Typically there is some sort of directory structure on disk
which contains the name and unique id of each file. The rest of the
file attributes typically can be found in some way by using the
unique id as a key.
10.1.2 -- File Operations
A
file is an ABSTRACT DATA TYPE.
To discuss files we must consider the operations that the data type
makes available, and how they may be implemented. Note:
the file operations have to be implemented as SYSTEM CALLS.
-
Creating a File
To create a file, space must be allocated for it, and an entry
for it must be made in the disk directory.
-
Writing a File
This operation is a simple write at the end of the file. The
file name (or equivalent) and the information to be written are
input to this operation. The OS uses the name to find its
entry in the disk directory. The directory needs a pointer to
the next block to be written, and this pointer needs to be
updated.
-
Reading a File
Input to this operation will include the file name and the
address in memory where the next block of the file is to be
copied. The directory is searched for the file's entry. The
directory will need a pointer to the next block to be read, and
this pointer will have to be updated.
-
Rewind a File
Input to this operation will include the file name. The
operation can update the current pointer so it points to the
first block of the file.
-
Delete a File
Input to this operation will include the file name. The
operation should look up the file in the directory and
deallocate all its blocks.
So that each operation will not have to search for the file's entry in
the disk directory,
the OS may support an OPEN operation, which searches the disk
directory for the named file, copies its directory entry into a
memory-resident table of open files, and returns a pointer to the
table entry for that file. Instead of searching the directory,
subsequent file operations follow the pointer and get the needed
directory information from the table. This saves much time by
reducing the number of disk accesses required to do file operations.

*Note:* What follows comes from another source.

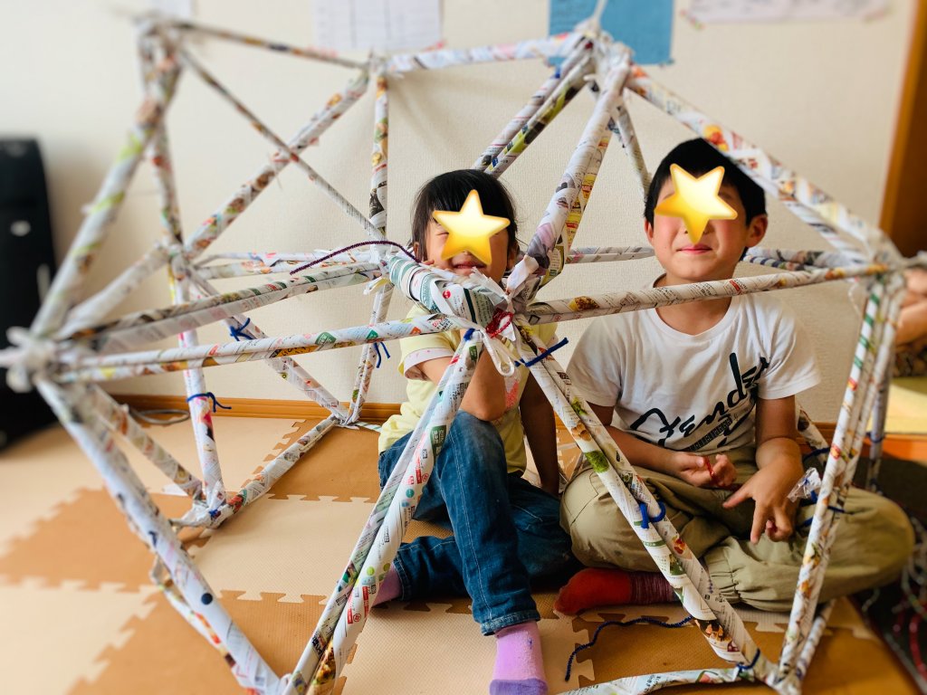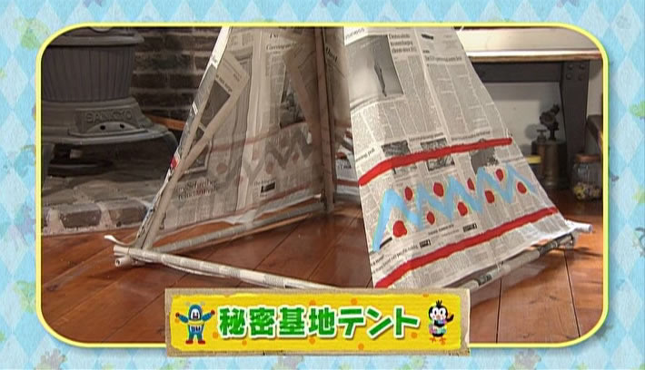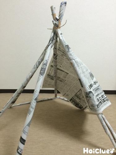 新聞紙で作ったテントの作り方:宝来こども園社会福祉法人 大谷菩提樹会 北海道音更町・帯広市。

A file may be CLOSED -- which results in its table entry being
removed.
Because more than one process may open a file concurrently,
typically there are two levels of "open-file table" - a global table
and per-process table. The system-wide global table would contain
process-independent information such as file size, location on disk,
open count (the number of processes that have the file open), and
latest modification time. An entry for a file in a per-process
table would contain the file pointer value, information regarding
the access rights of the process, and a pointer to the entry for the
file in the global file table.
Operating systems typically support advisory or mandatory
file-locking. Shared locks, as well as exclusive locks, may be
available.
- 10.1.3 -- File Types
... may or may not be supported in various ways.
- 10.1.4 -- File Structure
The OS must support at least an executable file type and structure.

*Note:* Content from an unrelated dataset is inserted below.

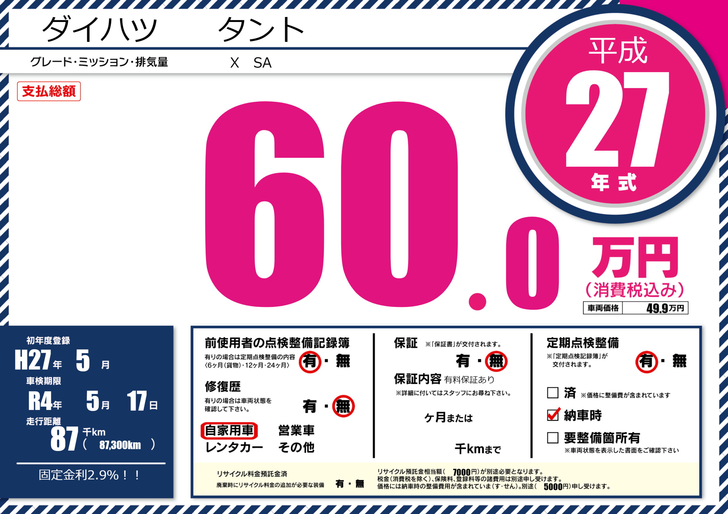 | 走行キロ | 8.7万km | 初年度登録 | H27年5月 |

Each supported file structur/type requires additional operating
system code.
- 10.1.5 -- Internal File Structure
The file may be considered a sequence of blocks. Logical records
are packed into blocks - either by the OS or by a user application.
All file systems suffer from internal fragmentation due to the
packing of logical records into physical blocks.
Unix systems define a file simply as a stream of bytes.
- 10.2 Access Methods
The OS may provide more than one way to access files.
- 10.2.1 Sequential Access
In sequential access, the file (current) pointer is positioned at
the beginning of the file when it is opened.
After each read (if the file is open for reading, the pointer is
advanced to the next file block.
After each write (if the file is open for writing), the pointer is
advanced in the same way, past the material just written, to the new
end-of-file.
It
may be possible to "skip" forward or back n blocks (but not without
reading the blocks in between.) This is based on the TAPE-MODEL of
a file.
- 10.2.2 Direct Access
This allows the file to be treated more like an ARRAY of blocks
(though having DIRECT ACCESS does not mean the same thing as having
RANDOM ACCESS -- disk hardware does not support true random access
-- that's why it's NOT called "RAM" |-))
The user is allowed to access blocks by number in any order
whatever, and
it
is not necessary to read any of the blocks located BETWEEN
two blocks that are accessed one after the other.
For direct access, the desired block number must be an input
parameter of the read and write operations, or perhaps the same
effect can be achieved by implementing an operation (called
POSITION or "SEEK") that moves the file pointer to a desired block,
after which a simple read or write can be done.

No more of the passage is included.